De acordo com o CNJ, os magistrados julgaram mais processos em 2012, se comparado com os anos anteriores. A cada juiz coube sentenciar em média 1.450 processos, resultado 1,4% acima do registrado em 2011. Ainda assim, houve pouco reflexo na chamada “taxa de congestionamento”, que mede o porcentual de processos em tramitação que não foram solucionados durante o ano. Em 2012, a taxa ficou em 69,9%, ante 70,9% em 2011.
“A quantidade de processos que ingressam cresce mais significativamente que o quantitativo de sentenças e o de baixas. Tal desempenho ocasionou a queda de 4,3 pontos percentuais no índice de baixados por caso novo no quadriênio, o qual tem registrado, desde 2011, índices abaixo de 100%, o que indica que não se consegue baixar nem mesmo o quantitativo de processos novos que ingressaram”, conclui o estudo.
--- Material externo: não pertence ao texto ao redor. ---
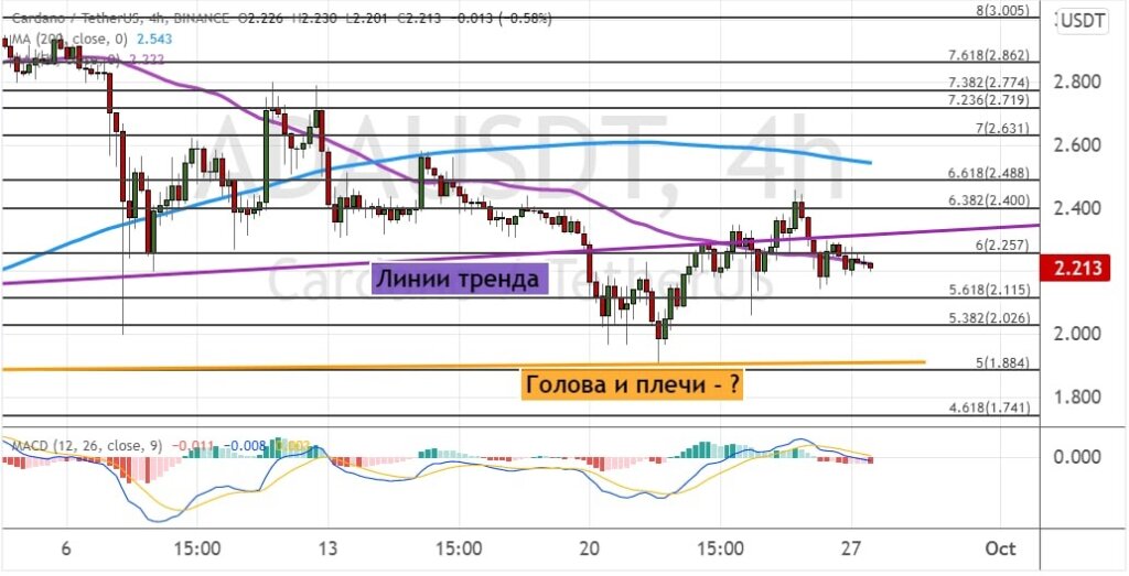 В выходные ADA так и смогла закрепиться выше важных уровней сопротивления $2.25 и $2.4, где проходят линия тренда (на графике ниже отмечена фиолетовым цветом) и линия 50-периодной SMA. Текущими поддержками выступают отметки $2.10, $2 и $1.9, где проходит граница модели теханализа «Голова и плечи» (показана оранжевым цветом). Их прорыв позволит цене альткоина устремиться в кратковременную коррекцию в район $1.75, $1.6 и $1.5.

O relatório do CNJ também elaborou um ranking de produtividade, que mostra os resultados por estado. O estudo mostra uma evolução do Tribunal de Justiça do Paraná (TJ-PR) em tamanho e produtividade. “O caso do Tribunal de Justiça do Paraná merece destaque, pois aponta um crescimento em todos os indicadores de estrutura, força de trabalho e litigiosidade. Mediante essas alterações passou a constituir o grupo dos tribunais de grande porte ao mesmo tempo em que viu sua eficiência ser elevada”, diz o relatório.
A produtividade dos juízes de 1.º grau do Paraná foi de 116% – o que indica que julgaram mais processos do que os que deram entrada. Ela foi superior a da média brasileira da 1.ª instância (96%). Os magistrados paranaenses conseguiram baixar um número de ações maior que o total de novos processos do ano (1 milhão ante 863,8 mil). Já produtividade dos desembargadores paranaenses (magistrados da 2.ª instância) foi inferior à nacional (90% ante 96%).
O ranking mostra que a produtividade em dez tribunais do país é especialmente “preocupante” – Goiás, Bahia, Paraíba, Tocantins, Espírito Santo, Piauí, Pernambuco, Mato Grosso, Roraima e Ceará. Nesses estados, a produtividade dos magistrados é baixa e a taxa de congestionamento é elevada.